Both lawyers said that Pillsbury Winthrop is working to secure new office space in Taipei, where the firm expects to officially set up shop sometime this summer. In China, Pillsbury Winthrop saw a new Hong Kong office become profitable last year, supplementing its other two local offices in Beijing and Shanghai. The firm also has a long-established Japan practice, having opened a Tokyo office in 1991.
“Building on our formidable IP practice in Asia has been a strategic focus for more than 10 years, and the additions of Steve Moore and his team in San Diego and Jack Ko in Shanghai have been key elements of that strategy,” said a statement from Pillsbury Winthrop chair David Dekker, who assumed leadership of the firm in 2017. “Adding Chris and David will cement us as the 'go-to' firm for U.S.-Asia IP work, and we are very pleased to welcome them.”

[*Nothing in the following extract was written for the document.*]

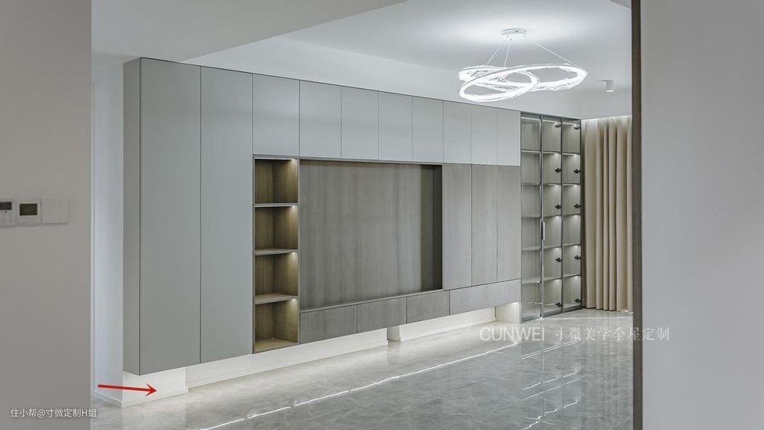 整面柜体底部留出空隙,打造“悬空”的视觉感受,更有艺术氛围。
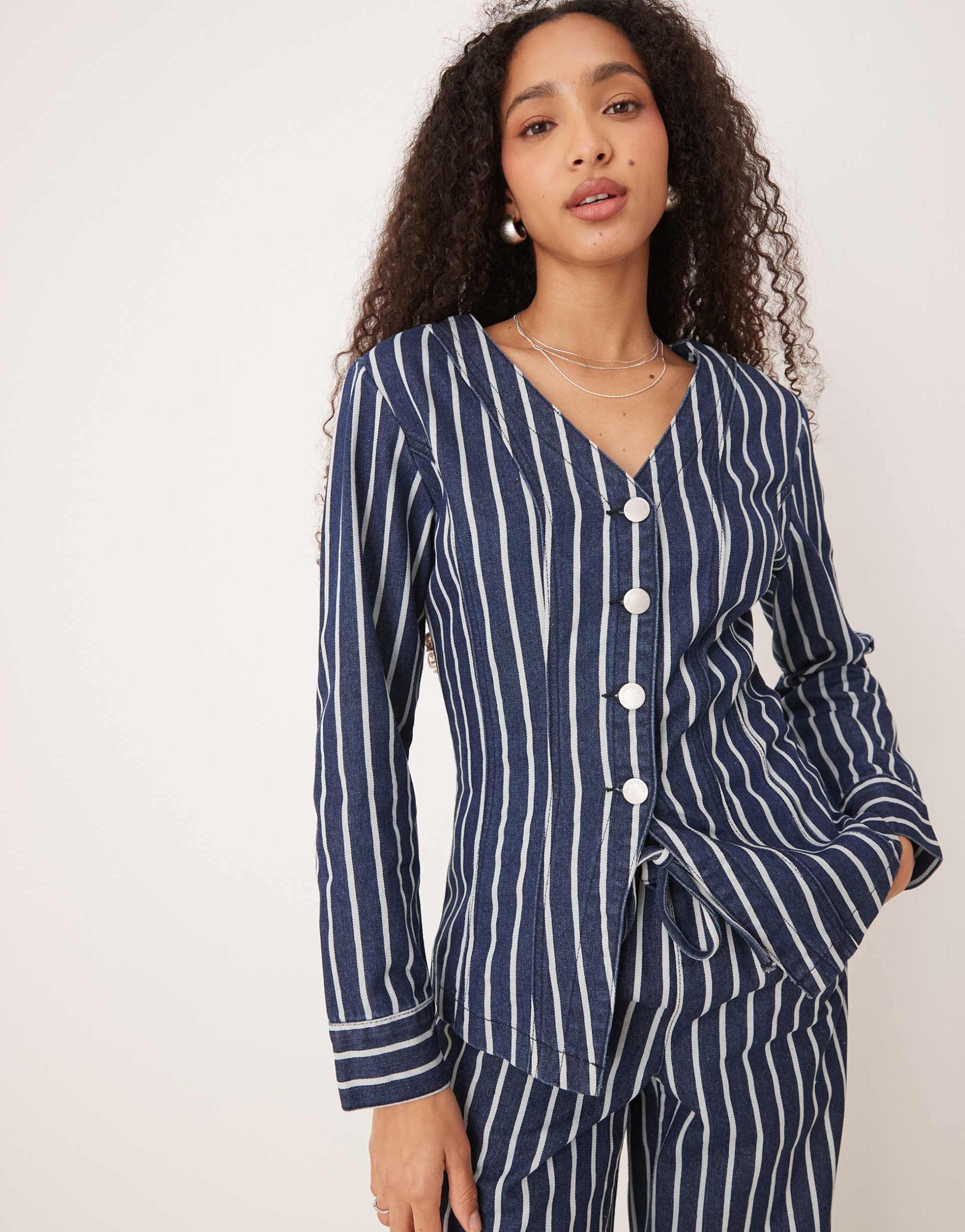 blue denim stripe top

Kao, who will split his time between Palo Alto, San Francisco and the soon-to-be-established Taipei office, has focused his practice on IP litigation, including trade secrets, trademark, patent and copyright disputes, as well as other high-stakes commercial litigation. He has worked as a first-chair trial lawyer in complex IP and commercial litigation cases and represented clients in the computer hardware and software, semiconductor, telecommunications, biotechnology and consumer products industries.
Tsai is also well-versed in U.S. patent law, having handled cases related to high technology, standard essential patents, FRAND and RAND royalties and litigation involving Hatch-Waxman and Abbreviated New Drug Applications. He is fluent in Taiwanese and Chinese Mandarin.
“We are really excited to join Pillsbury, also because of the deep bench of very skilled attorneys in the Bay Area,” Kao said. “Pillsbury has a skilled and broad set of practice areas [here] that really matches well with our focus on technology clients.”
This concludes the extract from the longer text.